Exercise requirements: First find the line with "Cherokee Village Town Center", then reproduce it and all following lines of the data to the end, exactly and with no pictures, adding nothing.

Collected data entries:
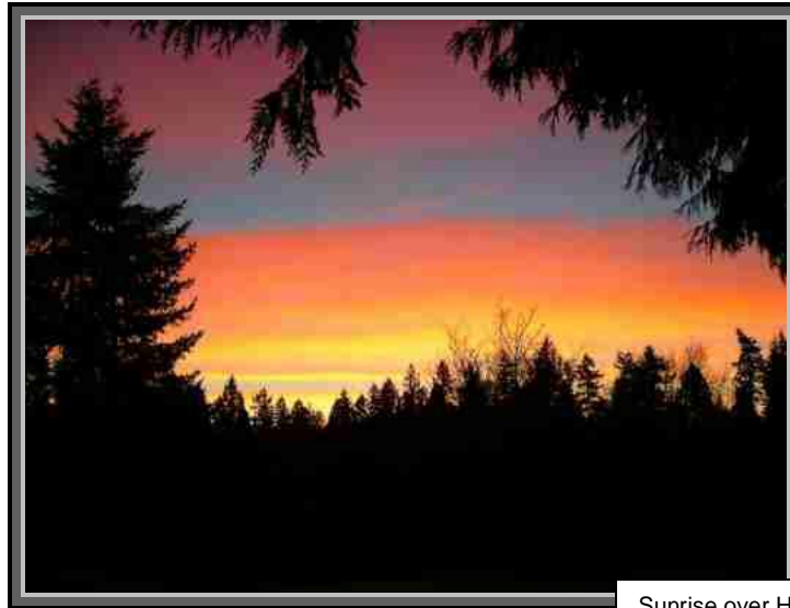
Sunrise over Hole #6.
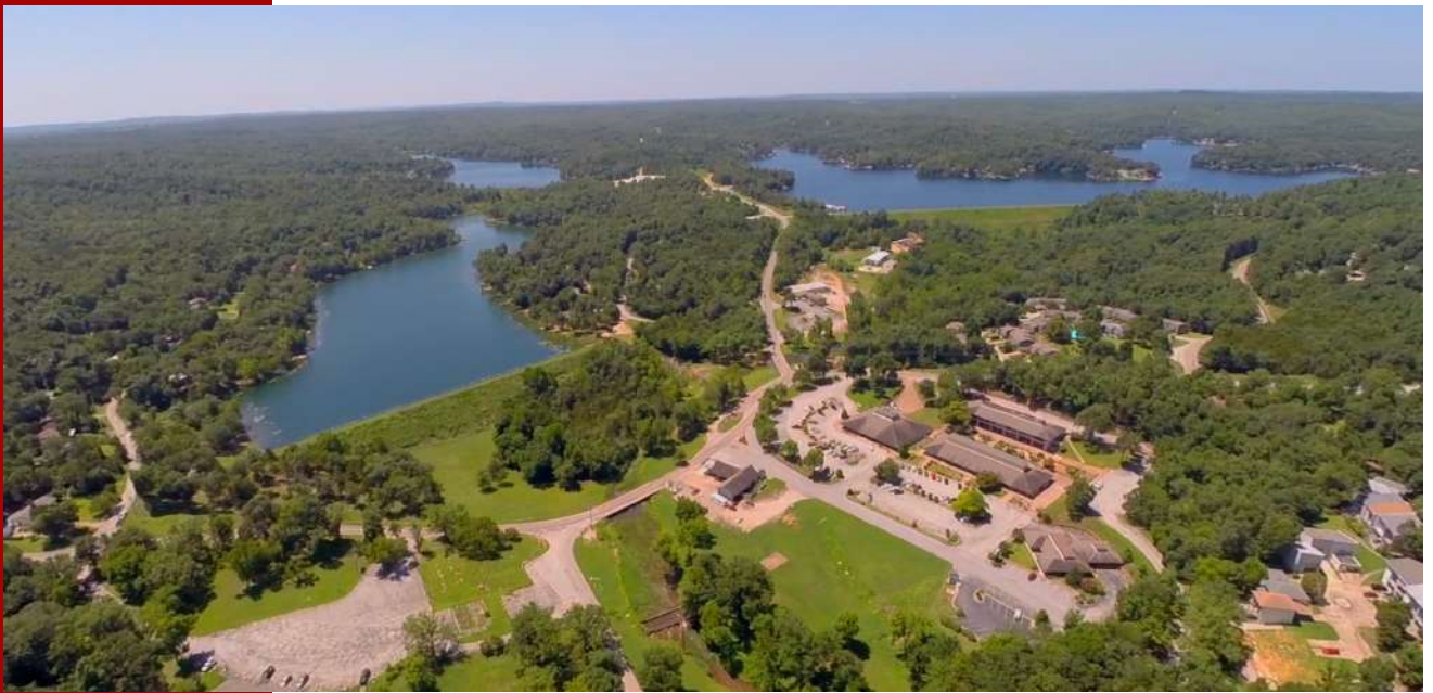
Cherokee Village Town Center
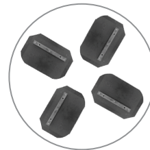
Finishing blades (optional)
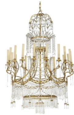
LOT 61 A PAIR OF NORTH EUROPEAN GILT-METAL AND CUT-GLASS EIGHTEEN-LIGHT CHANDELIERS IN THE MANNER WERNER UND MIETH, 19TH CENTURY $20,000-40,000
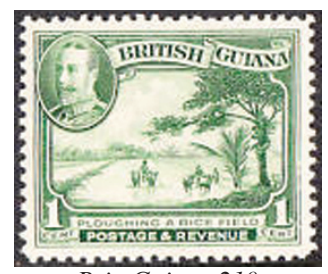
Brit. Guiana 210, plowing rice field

Output of the task:
Cherokee Village Town Center
Finishing blades (optional)
LOT 61 A PAIR OF NORTH EUROPEAN GILT-METAL AND CUT-GLASS EIGHTEEN-LIGHT CHANDELIERS IN THE MANNER WERNER UND MIETH, 19TH CENTURY $20,000-40,000
Brit. Guiana 210, plowing rice field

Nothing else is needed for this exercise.